The dormancy stage (Dor) of L. radiata, spanning from May to July, is characterized by the absence of aboveground leaves while the underground bulbs undergo complex flower bud differentiation, involving the development of stages, ovaries, pistils, anthers, and pollen [6]. Following this period, the plant transitions into the late flower development stage from mid to late July. During these critical phases, our study has identified significant metabolic changes that underscore the plant’s adaptation to its growth and environmental conditions.
Our results indicate a notable increase in the proportion of DAMs associated with “tricarboxylic acids and derivatives” and “quaternary ammonium salt” during the Flo vs. Dor comparison. The tricarboxylic acid (TCA) cycle is essential not only for energy production but also for integrating various biochemical processes [18]. It plays a significant role in the oxidative defense mechanism, maintaining a balance with reactive oxygen species (ROS) and contributing to cellular immunity under stress [19]. Tricarboxylic acids and their derivatives play a core role in this process [20]. Quaternary ammonium compounds (QACs) are vital for osmotic adjustment and response to stress in plants [21], with studies demonstrating their effectiveness in alleviating drought stress in maize, which results in higher grain yields [22]. Moreover, this study highlights the unique enrichment of “C5 branched chain dicarboxylic acid metabolism” in the Flo vs. Dor comparison. This pathway is implicated in various plant stress responses, including drought stress in Phaseolus vulgaris and maize and cadmium stress tolerance in Brassica juncea [23,24,25]. It also plays a critical role in reprogramming protoplasts to stem cells during cell division in Physcomitrella patens [26]. Lycoris species are sensitive to environmental changes, particularly temperature variations during dormancy, which significantly affect flower bud differentiation, flowering period, and flowering rate [5]. L. radiata experienced temperature stimuli, stress responses, and immune reactions during its dormancy and flowering stages [13]. The metabolomic data from this study indicate specialized roles for tricarboxylic acids and derivatives, QACs and C5 branched chain dicarboxylic acid metabolism in managing stress responses during crucial developmental transitions such as flower bud differentiation and flowering of L. radiata.
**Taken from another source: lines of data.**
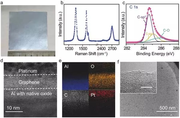 圖2. 通過PECVD法制備石墨烯包覆鋁箔的合成與表征
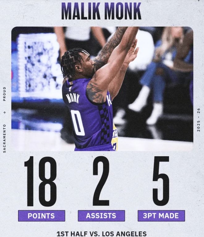值得一提的是,湖人上半场全队三分合计19投3中,命中率不足15.8%(两分27中18、命中率66.7%);国王全队三分12投8中,命中率高达66.7%。
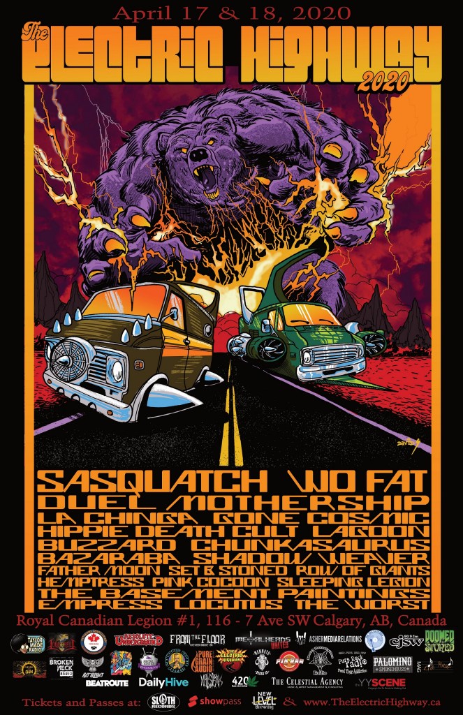 Buckle up for The Electric Highway Festival, two days of killer bands, rad artists and fuzzy vibes April 17 & 18, 2020 at the historic Royal Canadian Legion #1 in downtown Calgary, Alberta, Canada.

4.2. Active Carbohydrate Metabolism during the Vegetative Growth Stages

Carbohydrate metabolism is crucial for the energy supply and biosynthetic processes in plants. In L. radiata, non-structural carbohydrates (NSCs), including starch and soluble sugars, play pivotal roles in bulb enlargement, leaf growth, and flower bud differentiation [27]. These carbohydrates are the bulbs’ key storage, metabolic, and regulatory agents [28,29]. During the nutritional growth stages—leafing out (LO), rapid leaf extension (RLE), and leaf maturity (LMa)—the bulb functions as a repository where carbohydrates synthesized by the leaves are transported and stored [5,6]. Investigations into NSC fluctuations throughout L. radiata’s annual growth cycle revealed that the aggregate content of NSCs, including soluble sugars, fructose, and reducing sugars, peaked during the LMa stage.
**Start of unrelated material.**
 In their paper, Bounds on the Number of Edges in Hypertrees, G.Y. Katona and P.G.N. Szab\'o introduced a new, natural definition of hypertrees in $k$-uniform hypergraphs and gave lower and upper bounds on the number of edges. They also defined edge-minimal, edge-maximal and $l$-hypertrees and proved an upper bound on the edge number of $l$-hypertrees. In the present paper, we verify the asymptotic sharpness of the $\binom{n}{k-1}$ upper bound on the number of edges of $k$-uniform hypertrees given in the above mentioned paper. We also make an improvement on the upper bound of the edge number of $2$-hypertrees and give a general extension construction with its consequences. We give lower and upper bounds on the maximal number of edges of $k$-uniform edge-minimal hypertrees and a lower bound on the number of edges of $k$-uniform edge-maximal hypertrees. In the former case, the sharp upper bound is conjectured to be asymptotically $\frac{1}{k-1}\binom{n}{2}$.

In contrast, the accumulation of starch and sucrose was delayed, reaching peak levels during the leaf withering (LWi) stage [27]. Previous transcriptomic analyses corroborate these findings, showing significant upregulation of genes associated with starch and sucrose metabolism, and overall carbohydrate metabolism during leaf development in L. radiata [15]. During the RLE and LMa stage of L. radiata, differentially expressed genes (DEGs) and DAMs were both enriched in several carbohydrate metabolism pathways, including glyoxylate and dicarboxylate metabolism, citrate cycle (TCA cycle), starch and sucrose metabolism, and butanoate metabolism (Figure S3). Consistently, the present study observed an elevated proportion of over-accumulated metabolites in the carbohydrate and carbohydrate conjugate subclasses during the RLE vs. LO and LMa vs. RLE comparisons, indicating a more active carbohydrate metabolism at the bulb tips during the vegetative growth stages compared to the reproductive stage.
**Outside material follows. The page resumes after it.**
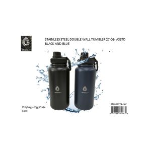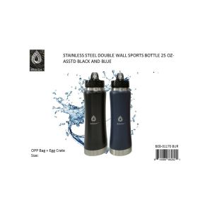 STAINLESS STEEL DOUBLE WALL SPORTS BOTTLE 25 OZ. - BLACK AND BLUE prepriced $9.99

Moreover, this study identified specific enhancements in pathways associated with carbohydrate degradation: glycolysis/gluconeogenesis and the pentose phosphate pathway were notably enriched during the LO vs. Flo and LMa vs. RLE stages, respectively. Glycolysis is a central metabolic pathway converting glucose into pyruvate, which generates energy in the form of ATP and NADH, whereas gluconeogenesis involves the formation of glucose from non-carbohydrate sources [30]. The pronounced activity of glycolysis/gluconeogenesis during the LO vs. Flo comparison may reflect a shift in energy requirements as L. radiata transitions from reproductive to nutritional growth. Conversely, the pentose phosphate pathway, crucial for producing NADPH and ribose 5-phosphate—essential for biosynthetic reactions and maintaining cellular redox balance—was specifically enriched during the LMa vs. RLE stage [31]. Ribose 5-phosphate also serves as a precursor for synthesizing nucleotides and nucleic acids [32]. It suggests the importance of the glycolysis/gluconeogenesis pathway in supporting rapid cell proliferation and tissue expansion during the leaf growth period of L. radiata.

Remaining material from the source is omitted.